Cast of Characters: Harley Quinn, Pamela Isley




Harley Quinn has posed:
A few hours ago now, Harley was just chillaxin' on the couch with Bud and Lou in her apartment while April was at work making them big dollars doing news stuff when the special bulletin from Gotham announced that one Pamela Isley, AKA, Poison Ivy, AKA FUCKIN' RED, had escaped from Arkham! "YASSSSSS!"
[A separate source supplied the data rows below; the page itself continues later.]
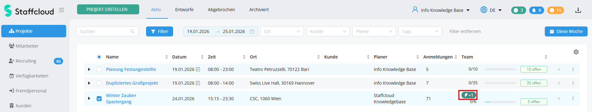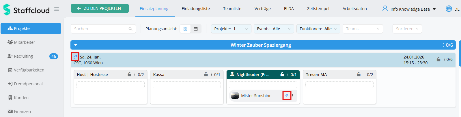 In der Projektübersicht erkennt man ebenfalls am Blitz-Symbol, wenn Personen automatisch eingeteilt wurden:
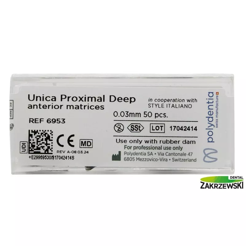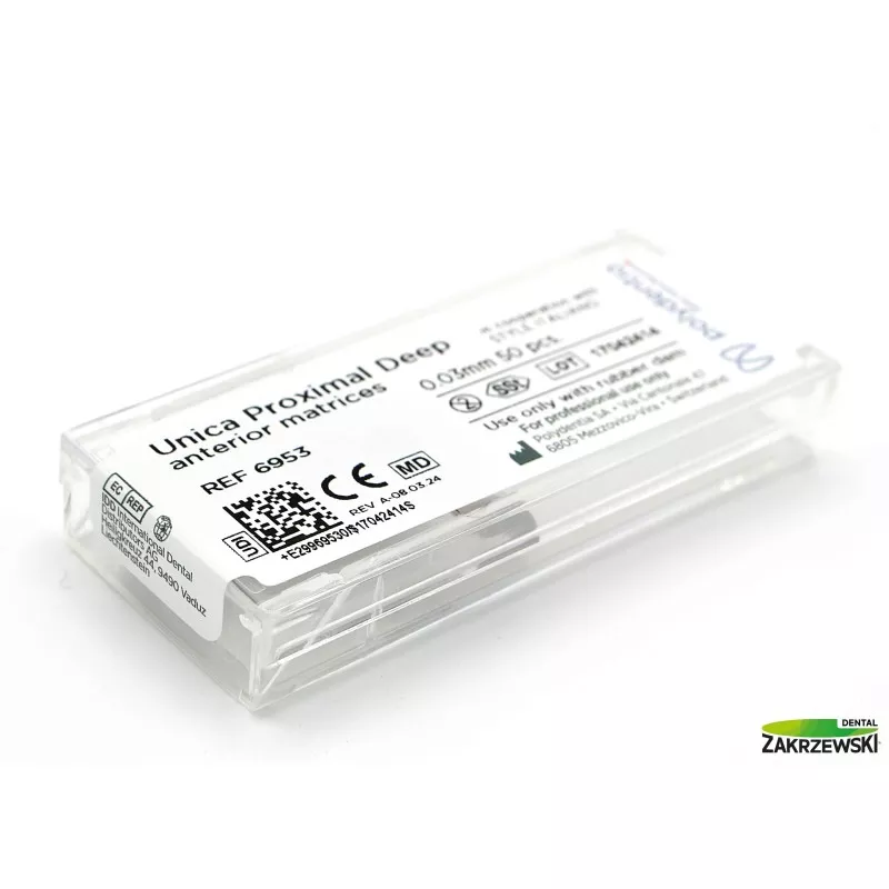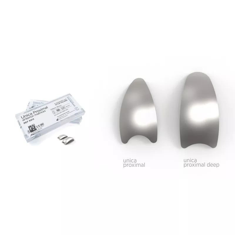 Matryce ze stali nierdzewnej Unica Proximal firmy Polydentia mają grubość 0,03 mm i są dostępne w dwóch kształtach standardowym i głębokim, zaprojektowanych tak, aby pasowały do konturu zębów przednich na powierzchniach: wargowych, podniebiennych i proksymalnych.
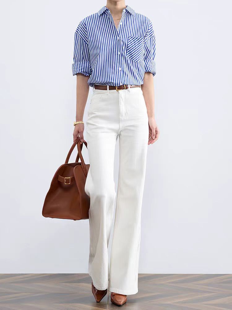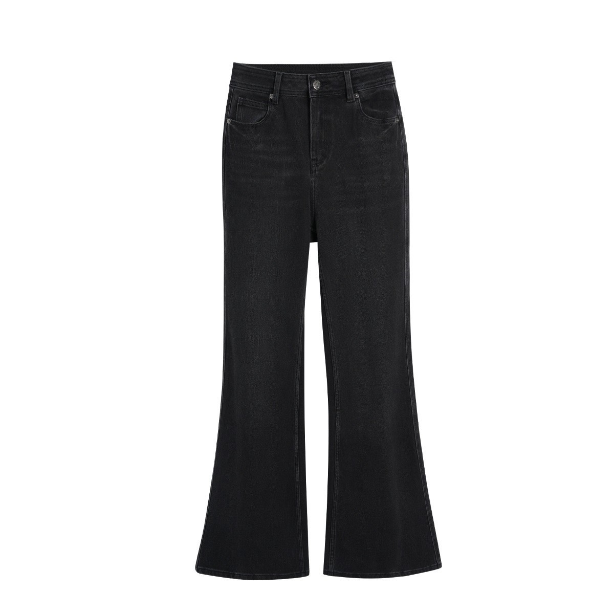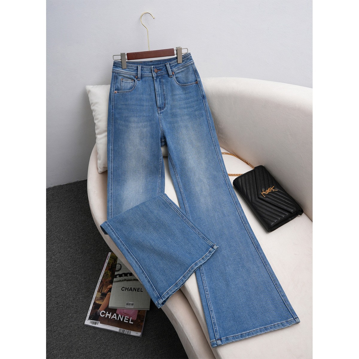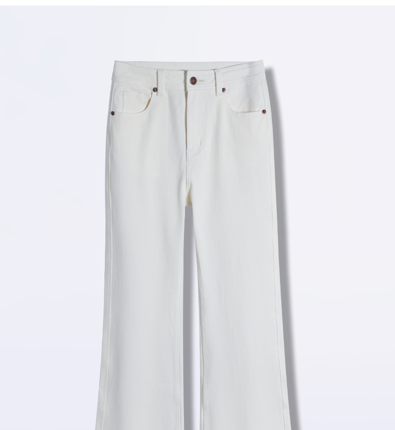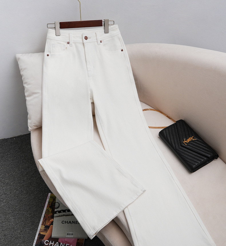 2025 가을 겨울 기모 마히토 팬츠 고급스러운 화이트 하이웨이스트 스트레이트 레그 약간의 플레어 데님 팬츠 여성용 사방 스트레치스토어 가기
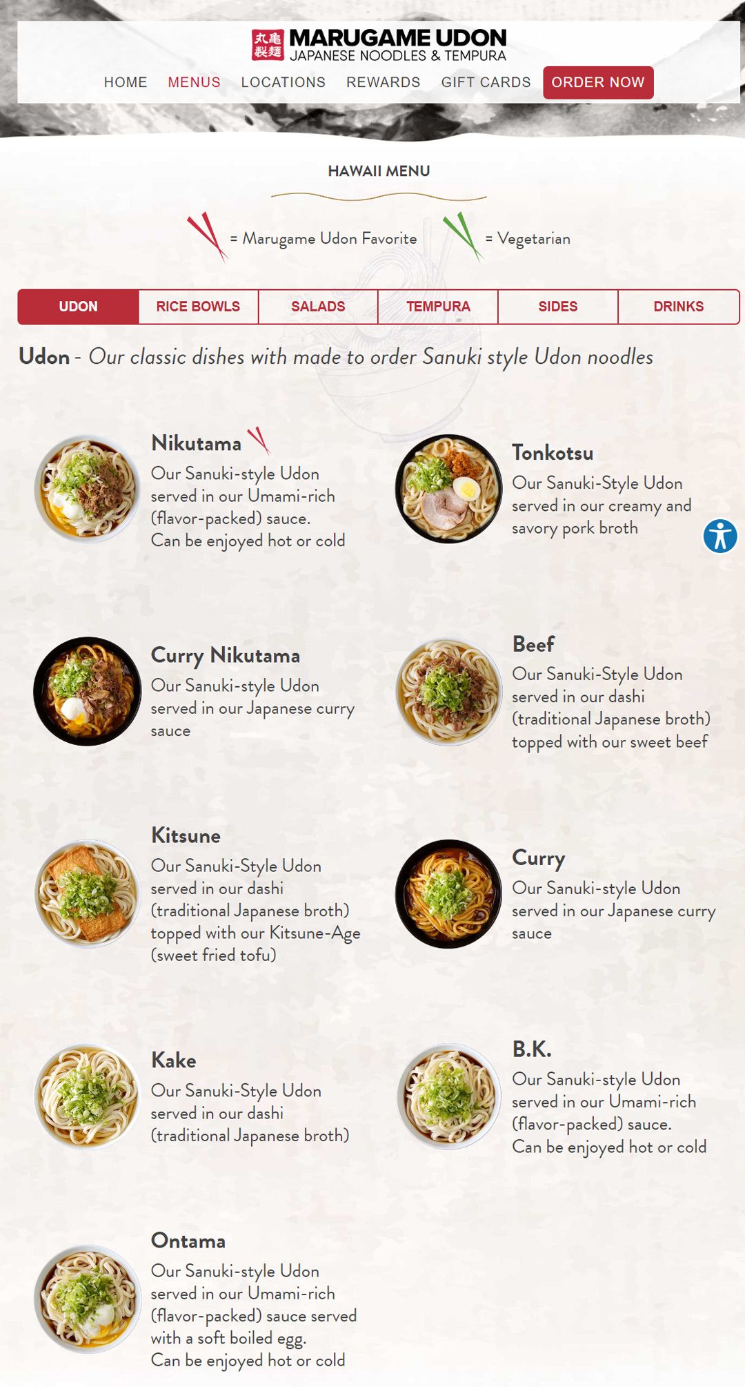 「UDON」のメニュー

Harley had actually startled the two hyenas what was nappin' on her in her flailing happy jubilation over this most auspicious of revelations! "OH EM GEE OH EM GEE!" Immediately flinging herself into putting on some clothes to go down to Jersey for an afternoon trip! "Oh man, what should I wheah? Uhhh... so many options..." Throwing clothes everywhere as she dug through high end boutique items spread all around the kitchen area, she opts for a simple ensemble of White T-Shirt, suspenders, sparkly shorts in purples/pinks/and aqua blues and a tassled jacket...

Also her pistol because Gotham is a shit joint, okay? Totally for protection and not for crime activities to you ASSHOLES readin' this thinkin' I'm already fallin' back on bad behaviors... Stop judgin'. Ya don't know Gotham like I do.

Hours later and Harley is sitting in Robinson Park, where she suspects Ivy will eventually show up, throwing torn off chunks of bread for the birds of unusual size while sitting beneath an umbrella... cus she learned aftah her last visit:

Don't go ta fuckin' Gotham wit'out an Umbrella.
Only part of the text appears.